As for the Statcast comp tool. I don’t know about it either. I do know that comps are regressive and I can’t imagine automated ones not being terrible. I can’t imagine what sentence Marcell Ozuna, Nicholas Castellanos, Paul Goldschmidt, and Mike Yastrzemski belong in other than that one. I don’t know what Willy Adames and Jon Schoop have in common – Schoop has pretty huge power and Adames… well, he doesn’t. Those don’t pass the sniff test at all for me. I can assure you that Yelich and Cron have little in common as hitters and that is good time to think about the realities of a worthless model – its completely blind to every reality other than batted ball readings… which have not proven to be any better than any other traditional tool IMO. I made a silly little pitcher metric that was more accurate than a pitch/fx based model in about 5 minutes on these pages last year.

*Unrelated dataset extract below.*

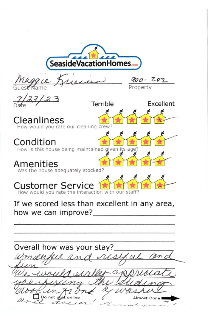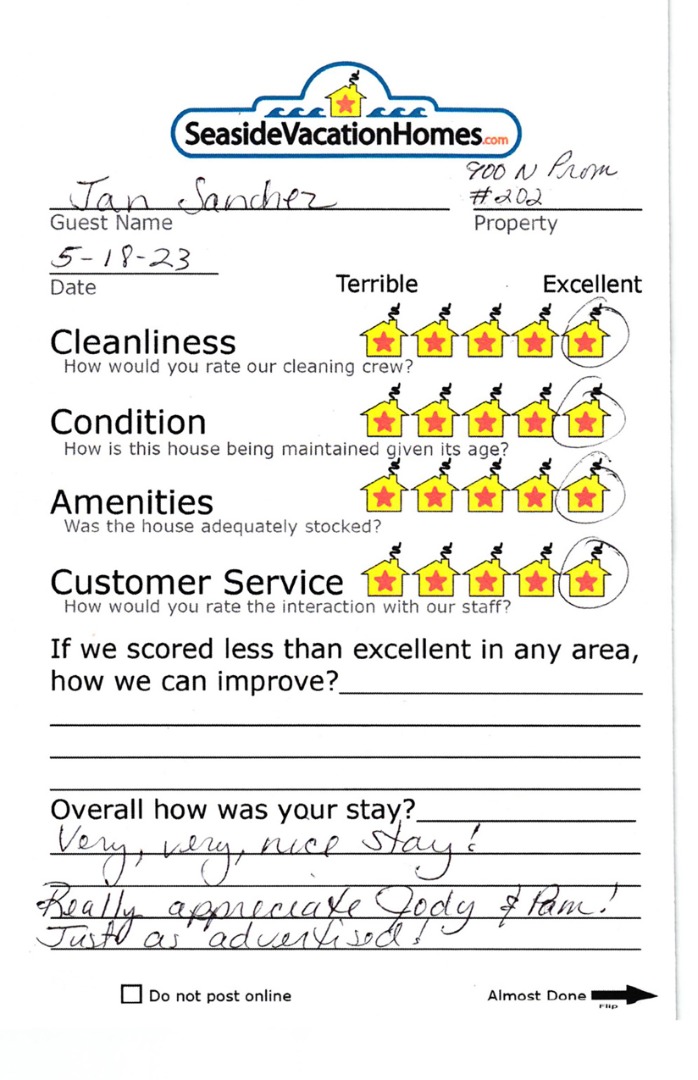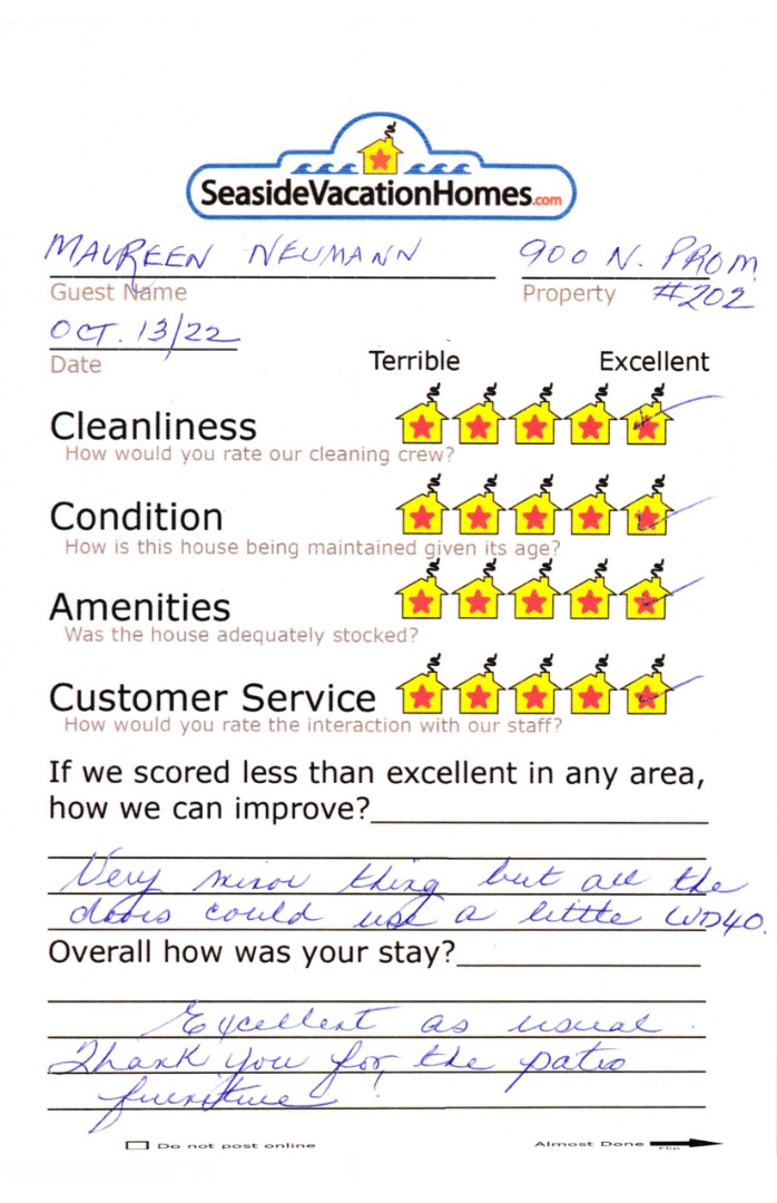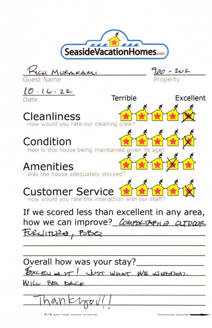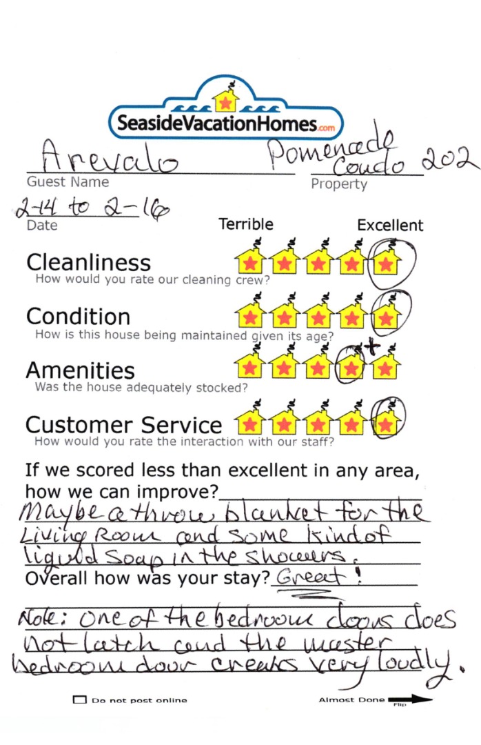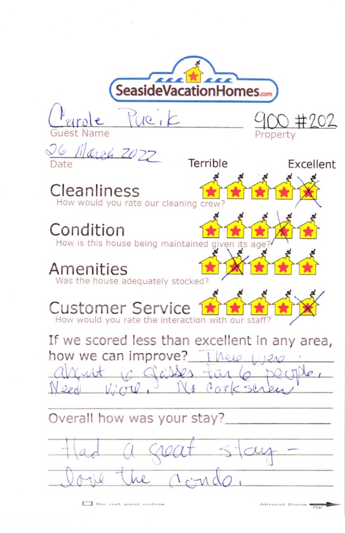 Example: "Is the balcony screened in?" or "Is there a toaster oven?"

I will make something really simple for hitters this year and post it in the comments below whenever the latest and greatest barrel fueled metric drops for 2020. The problemis largely that the people creating the metrics are also assessing them and I am sure they have found ways to quantify their success. Put another way, I care zero about batted ball metrics and I think I can make a better list that most lists or I can at least pick out the Crons and move them down where they belong. Put yet another way, I think the more people get excited about batted ball metrics, the easier it becomes to win at fantasy baseball. I will let people have the Brandon Nimmos and Colin Morans of the world who are the most pushed payers I can think of due tot batted ball metrics. One truth that is kind of worth considering is that the best is done by humans and shoddy work is automated. Think about it is whatever high-end products you might buy. A fine anything is generally hand made and not shot out at a factory. The problem with assembly lines is quality control and judgement which is what automated process lack – using a machine for judgement is minority report stuff part of a dystopian future. Machines are good at crunching huge quantities of data which has value, but it isn’t going to be particularly insightful. Sorry for the rant.